- Your instructions
Pictures must not be copied, but every entry must be reproduced exactly.

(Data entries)
--------
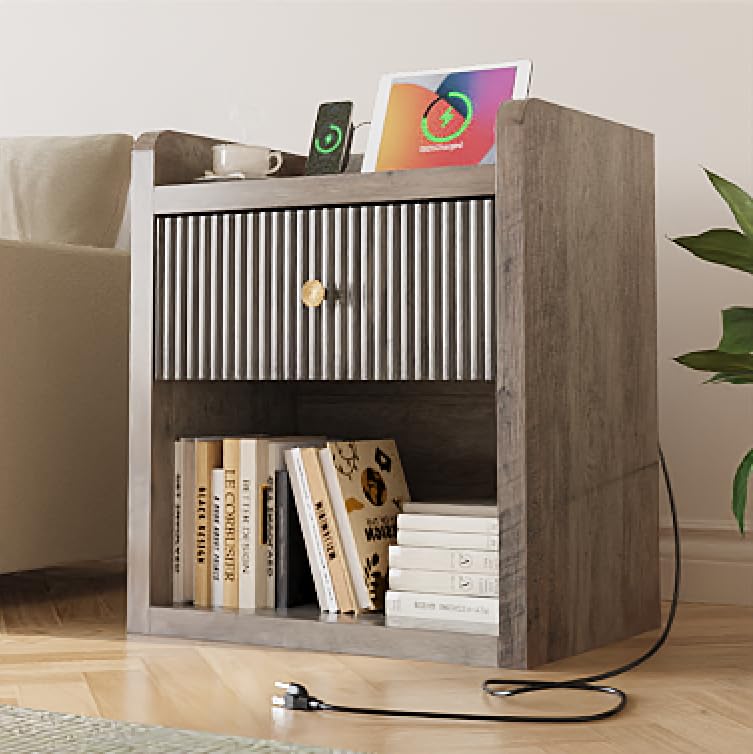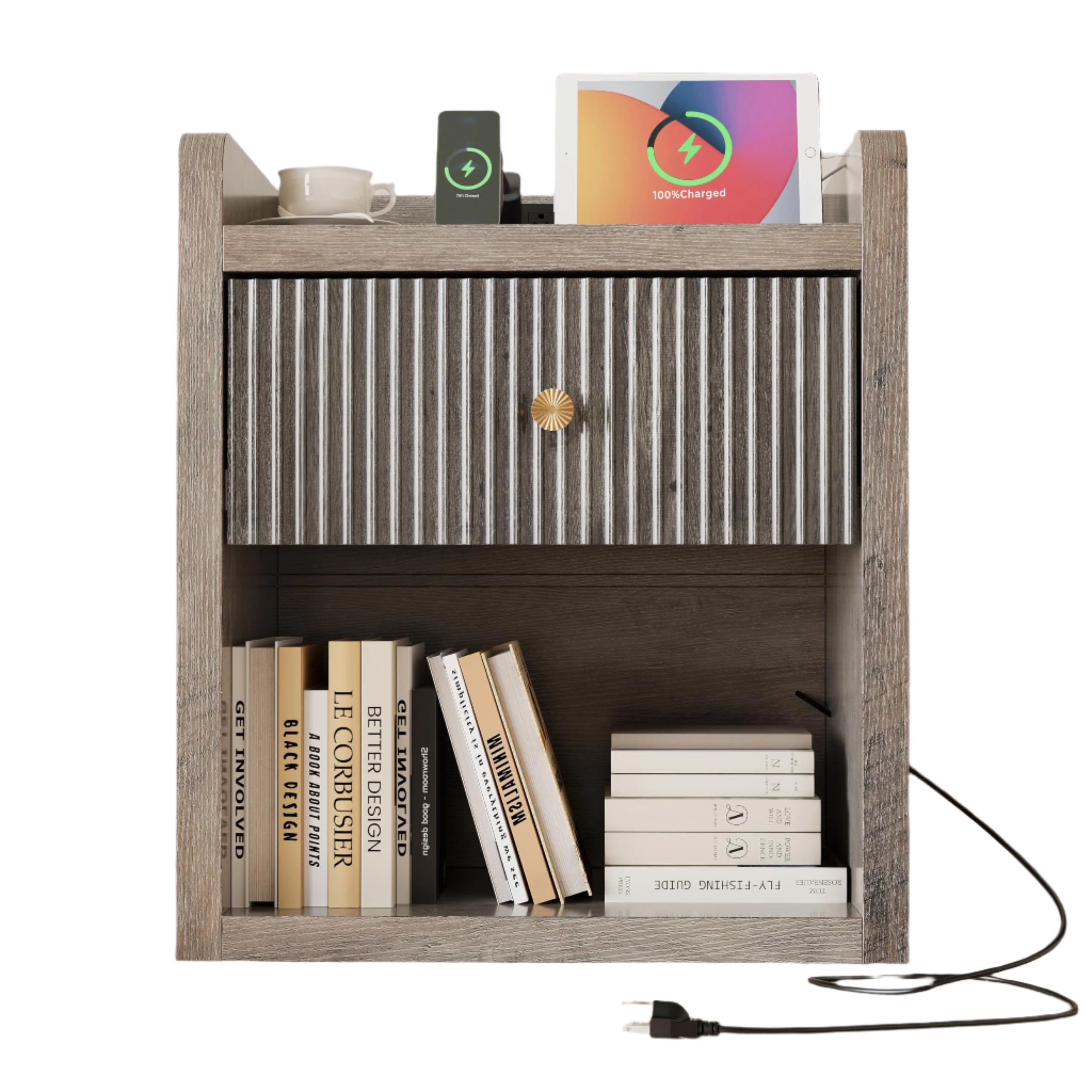 - Fluted Nightstand with Baffle Top: Features an elegant fluted design with an anti-slip top for secure placement of lamps or decor. The roomy drawer keeps items tidy, while smooth edges and a sturdy build ensure safety and durability. Easy assembly makes setup a breeze
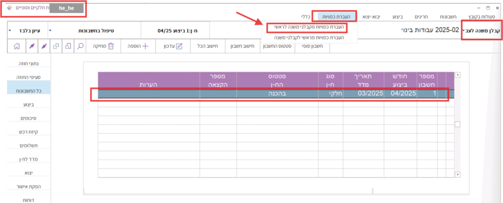 12. התוכנה מעבירה אותנו אל מסך החשבונות של קבלן המשנה שבחרנו. ממסך זה נסמן את החשבון שהגדרנו בו כמויות ביצוע שאותם נרצה להעביר, מהתפריט העליון נבחר ב”העברת כמויות”> ובפעולה “העברת כמויות מקבלני משנה לראשי”:
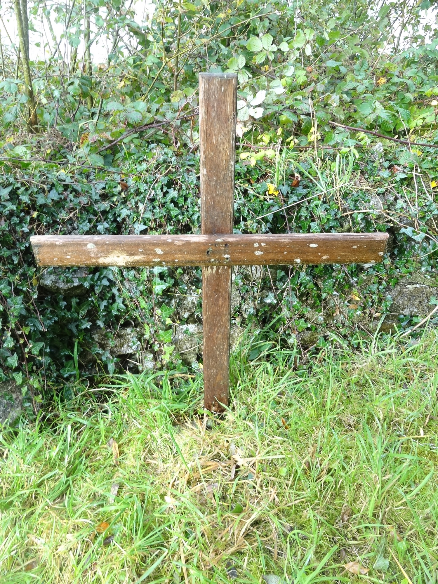 THE ORIGINAL WOODEN CROSS THAT MARKED THE BURIAL SITE HAS BEEN REPLACED BY A MODERN HEADSTONE.
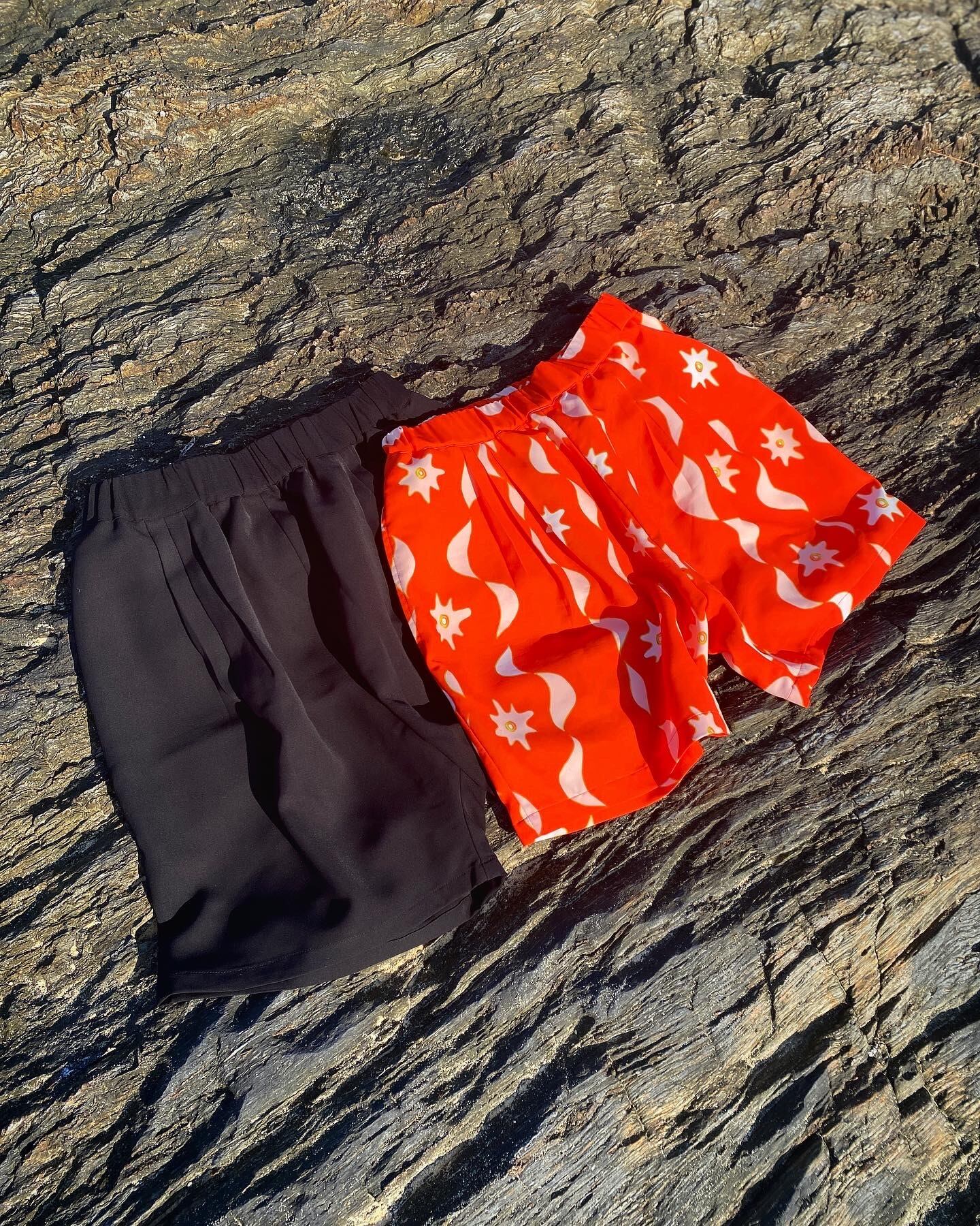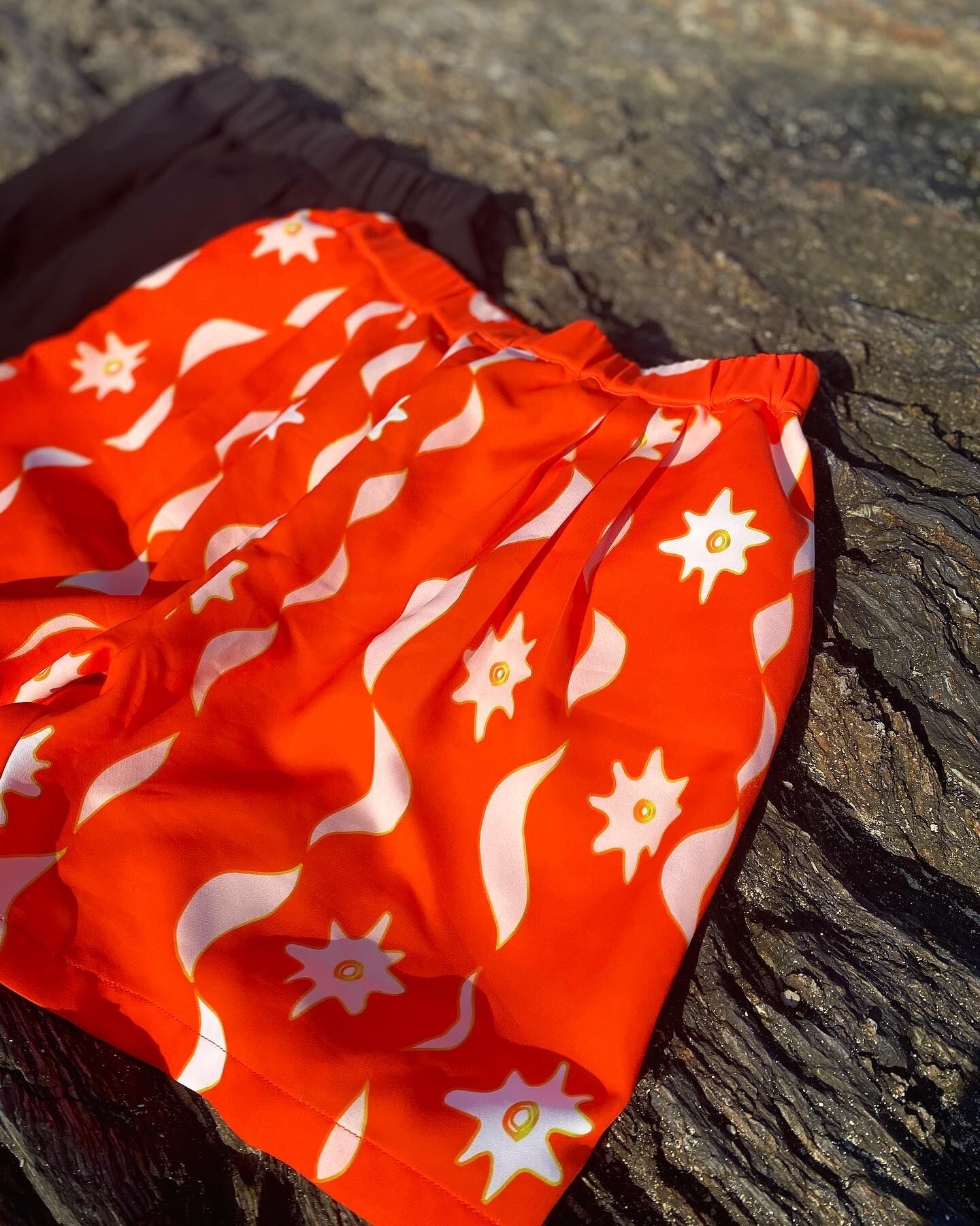 ORANGEの発色がきれいな"海に映るサンセット"のプリント柄が魅力のショートパンツです。
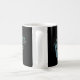 Caneca azul personalizada da música do saxofone. Uma luz - saxofone azul com notas musicais de roda em uma caneca preta. Preencha seu nome ou seu texto feito sob encomenda no alerta para personalizar e personalizar toda a maneira que você gostar. Um grande presente para seu jogador, músico ou melómano favorito de saxofone.
--------
- Written solution
 - Fluted Nightstand with Baffle Top: Features an elegant fluted design with an anti-slip top for secure placement of lamps or decor. The roomy drawer keeps items tidy, while smooth edges and a sturdy build ensure safety and durability. Easy assembly makes setup a breeze
 12. התוכנה מעבירה אותנו אל מסך החשבונות של קבלן המשנה שבחרנו. ממסך זה נסמן את החשבון שהגדרנו בו כמויות ביצוע שאותם נרצה להעביר, מהתפריט העליון נבחר ב”העברת כמויות”> ובפעולה “העברת כמויות מקבלני משנה לראשי”:
 THE ORIGINAL WOODEN CROSS THAT MARKED THE BURIAL SITE HAS BEEN REPLACED BY A MODERN HEADSTONE.
 ORANGEの発色がきれいな"海に映るサンセット"のプリント柄が魅力のショートパンツです。
 Caneca azul personalizada da música do saxofone. Uma luz - saxofone azul com notas musicais de roda em uma caneca preta. Preencha seu nome ou seu texto feito sob encomenda no alerta para personalizar e personalizar toda a maneira que você gostar. Um grande presente para seu jogador, músico ou melómano favorito de saxofone.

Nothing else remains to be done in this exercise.